An upgrade of the line to provide better connections is discussed regularly. The current considerations and investigations envisage the electrification of the line to Usingen at the end of 2022 and the extension of S-Bahn line S5 services over this section. This would allow the existing class 423 sets would be used—which would create no additional costs—but new vehicles would need to be procured for electrical operations to Grävenwiesbach. This would have to be done before the start of the upcoming call for tenders for the operation of rail services. However, municipal committees and parties have demanded the electrification of the line beyond Usingen to Grävenwiesbach and Brandoberndorf, which would make its implementation uncertain.

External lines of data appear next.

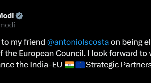Prime Minister Narendra Modi has conveyed his congratulations to António Costa on assuming the presidency of the European Council. In…
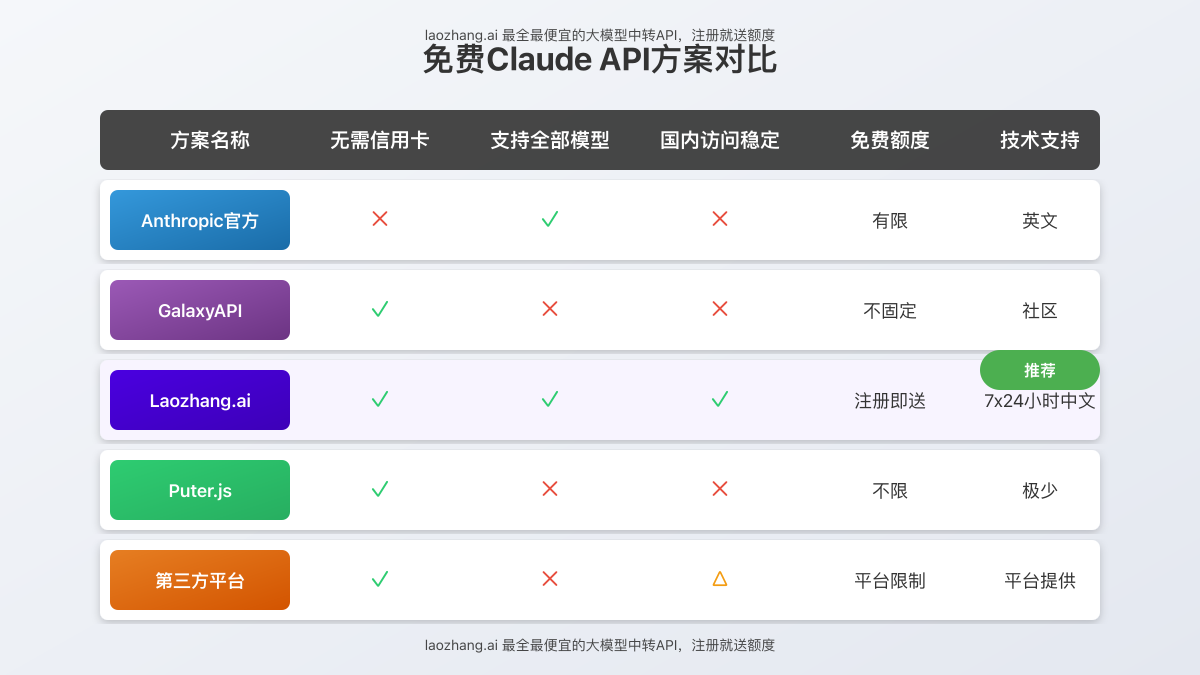 为什么推荐Laozhang.ai:作为专为中国用户设计的服务,Laozhang.ai解决了跨境访问问题,提供稳定快速的API调用体验,同时价格合理,注册即送免费额度,是目前最适合中国开发者的Claude API解决方案。
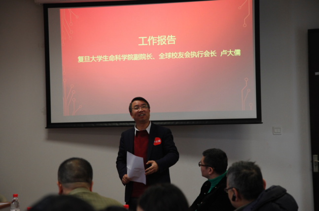 复旦大学生命科学院副院长、全球校友会执行会长卢大儒做校友工作报告,他表示校友会自成立半年以来,在学院领导的高度重视下积极开展各项校友工作,充分发挥桥梁和纽带作用,使校友间的联系日趋密切,受到越来越多校友的关注和充分肯定。具体工作包括:一、校友信息平台建设,包括学院网站“校友之窗”网页改版,新增新闻资讯和校友风采栏目,新闻资讯及时发布校友与学院互动的相关新闻及校友会重大新闻,校友风采栏目展示生科院杰出校友风采,按院士、学术大咖及商界精英将杰出校友分类,配以图片和文字宣传校友成就;校友信息数据库更新;开设全球校友会微信公众号,发布文章涉及学院重要新闻、校友新闻、讲座信息、校友活动、校友捐赠信息等,每篇文章被校友大面积转发,已成为展示学院及校友信息的重要窗口;二、开展特色校友活动,包括校友返校联谊活动、开展生科院校友讲堂之人文讲座系列;三、建立校友工作志愿者队伍,调动在校生力量积极参与校友工作,提升在校生校友意识、爱校荣校意识,在校友与学院、在校生之间搭建交流沟通的平台。四、校友捐赠工作,梳理校友捐赠流程、跟踪校友捐赠项目、举行捐赠仪式、进行新闻报道,并按时完成了校友奖学金的评选及表彰工作,在促进学校校企合作、人才培养方面做出了努力。五、校友会文化建设,校友会征集LOGO方案,确定后,标志用于校友网站、宣传册、校友杂志、校友纪念品等领域。
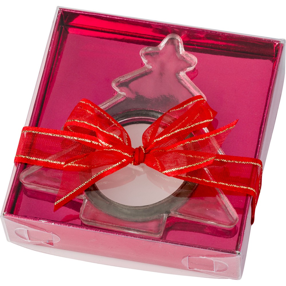 Świecznik "choinka" z wkładem tealight, w czerwonym ozdobnym pudełku ze wstążką
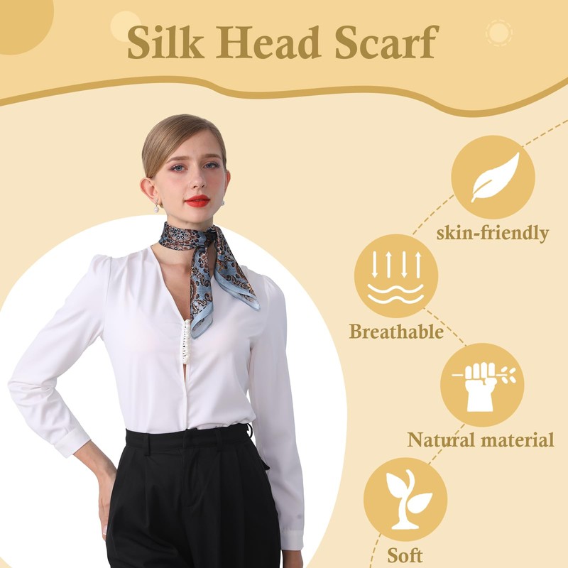 - (Material and size) 21 inches x 21 inches /53 cm x 53 cm. This silk scarf is made of mulberry silk fabric, soft and skin-friendly, good breathability, warm in winter and cool in summer.
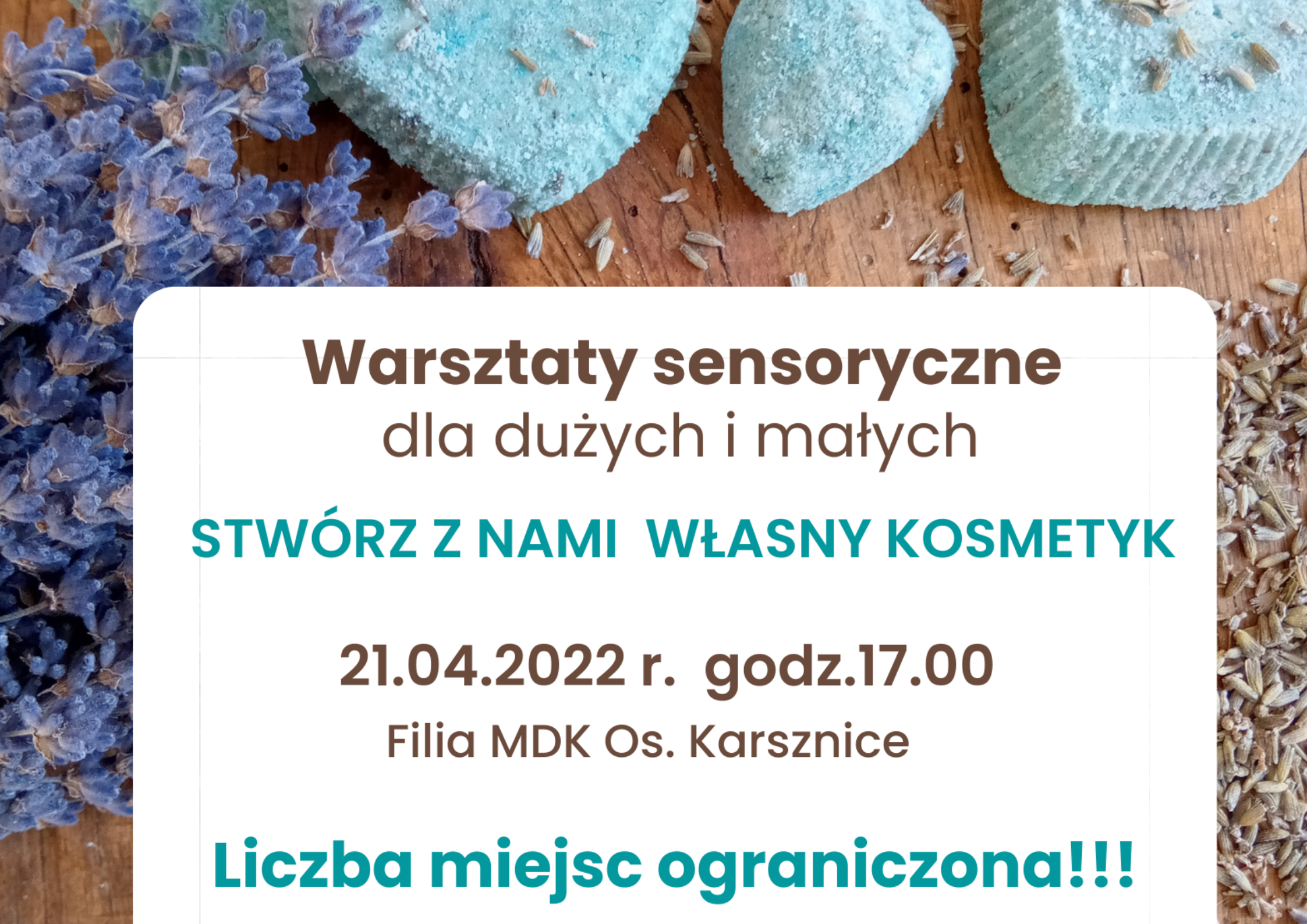 Do dyspozycji uczestników będą wszystkie potrzebne składniki. Formy, zapachy, kwiaty, barwniki i półfabrykaty kosmetyczne.
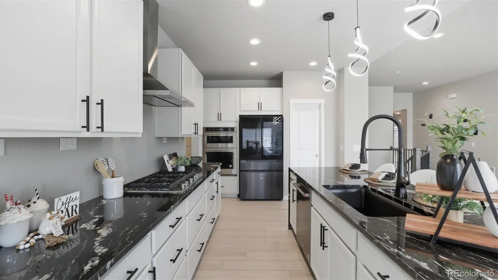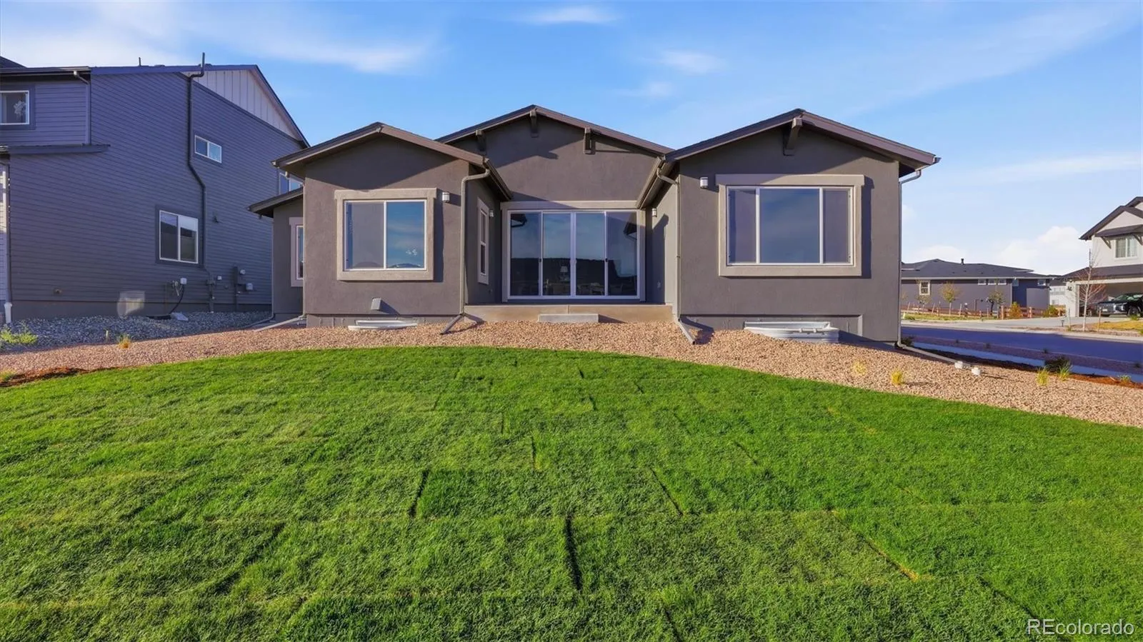 Exquisite stucco/stone ranch-style home on a 0.27-acre corner lot in the popular D20 community of Revel at Wolf Ranch. This brand-new 5BR, 4BA home blends luxury, functionality & modern elegance. The expansive basement offers potential for a 6th BR & rough-in for an additional BA. High ceilings & abundant natural light create an airy ambiance. Luxury vinyl plank flooring flows through the Entry, Living Room, Kitchen & Dining Area, complemented by wood-look blinds. The Great Room features a stone-tile gas fireplace & wall of windows with sliding door to the back patio, complete with gas stub for grilling. The chef’s Kitchen boasts a large island w/breakfast bar, waterfall-edge marble-look quartz countertops, stainless steel appliances (5-burner gas cooktop, built-in oven, microwave, dishwasher, SMART Samsung fridge), walk-in pantry & ample cabinetry. A sunny Dining Area ensures effortless entertaining. Additional features include a Mud Room, Powder Bath, Laundry Room w/Samsung washer/dryer, & 3-car garage. A main-level Office with French doors offers a perfect work-from-home space. The vaulted Primary Suite is a serene retreat with a luxurious 5-piece Bath, a dual sink vanity with quartz countertops, tiled walk-in shower w/seat, soaking tub & walk-in closet. Two more main-level BRs share a Shower Bath w/dual sink vanity, quartz countertop, and enclosed shower. The partially finished Basement with 9′ ceilings includes a spacious Family Room, Game Area, 2 BRs (one w/en-suite Bath and 1 with a walk-in closet), & large Utility Room w/tankless water heater, furnace, & storage. Central A/C & heat, security system & radon mitigation add peace of mind. The backyard is beautifully landscaped and ready for weekend BBQ’s, kids play, or just relaxing and soaking up the Colorado sunshine. Wolf Ranch offers parks, trails, Rec Center (fee), pool/splash park, stocked lake, playgrounds & summer concerts. Easy access to Powers, Hwy 83, I-25, shopping, hospitals & more!
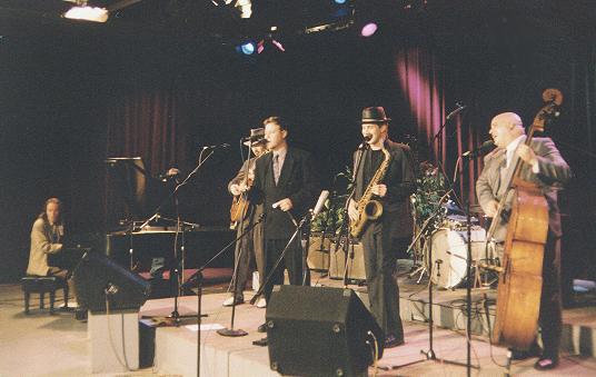 - Photo #2: Live 4/17/98. Left to right: John Ginty, Joe Wilkinson, N.C., John Hummel, Dave DiCastro
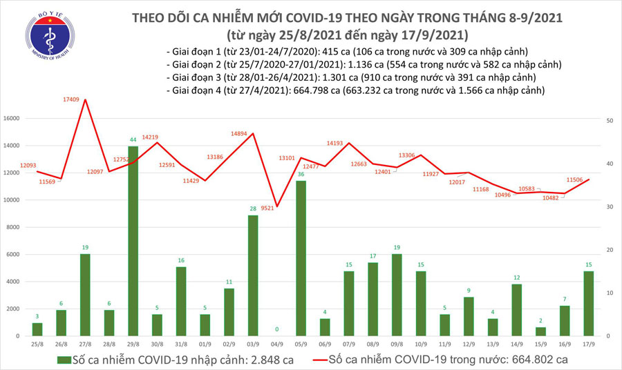 Bản tin tối 17-9 của Bộ Y tế cho biết cả nước ghi nhận thêm 11.521 ca mắc mới, tăng 1.024 ca so với hôm qua, gồm TP.HCM tăng 237 ca, Bình Dương tăng 1.015 ca. Hà Nội ngày 17-9 chỉ ghi nhận 12 ca mắc và là số mắc mới thấp nhất từ 17-7.

On 18 May 2015, the district council of the Hochtaunuskreis unanimously voted to commission the Hochtaunus transport association to carry out the electrification of the Taunus Railway for the conversion to electrical operations at the timetable change in December 2019. In negotiations with the Rhein-Main-Verkehrsverbund a few points were to be ensured in relation to the operation of the Taunus Railway. These were designed for the long-term protection of the line, in particular the section beyond Usingen (including its possible later electrification), the maintenance of the through trains to and from Frankfurt, barrier-free interchange in Usingen and a coordinated operating concept including feeder buses. In mid-February, a cooperation agreement between the Verkehrsverband Hochtaunus and the Rhein-Main-Verkehrsverbund was concluded, after which the RMV promised to bear half of the planning costs of €4 million. The planning approval procedure would be initiated (according to the assessment at that time) in 2017 and the construction work would begin at the earliest in 2018. Accordingly, the original target date for the changeover to electric operations at the change to the 2019 timetable could not be met. The changeover would occur at the earliest at the timetable change in December 2020 with the introduction of operations under a new contract for the Taunus-Netzes (Taunus network). The feasibility of extending electric operations to Grävenwiesbach would be examined.

A further delay has arisen as a second cost-benefit analysis had to be carried out for the electrification to Grävenwiesbach, which was planned as a second stage. Therefore, the planning approval procedure for the electrification to Usingen will start in 2018. Accordingly, the Verkehrsverband Hochtaunus, as the owner of the line, had not yet announced the approval of the electrification works as of mid-2017. Electrical operations can therefore be started at the earliest at the timetable change in December 2022.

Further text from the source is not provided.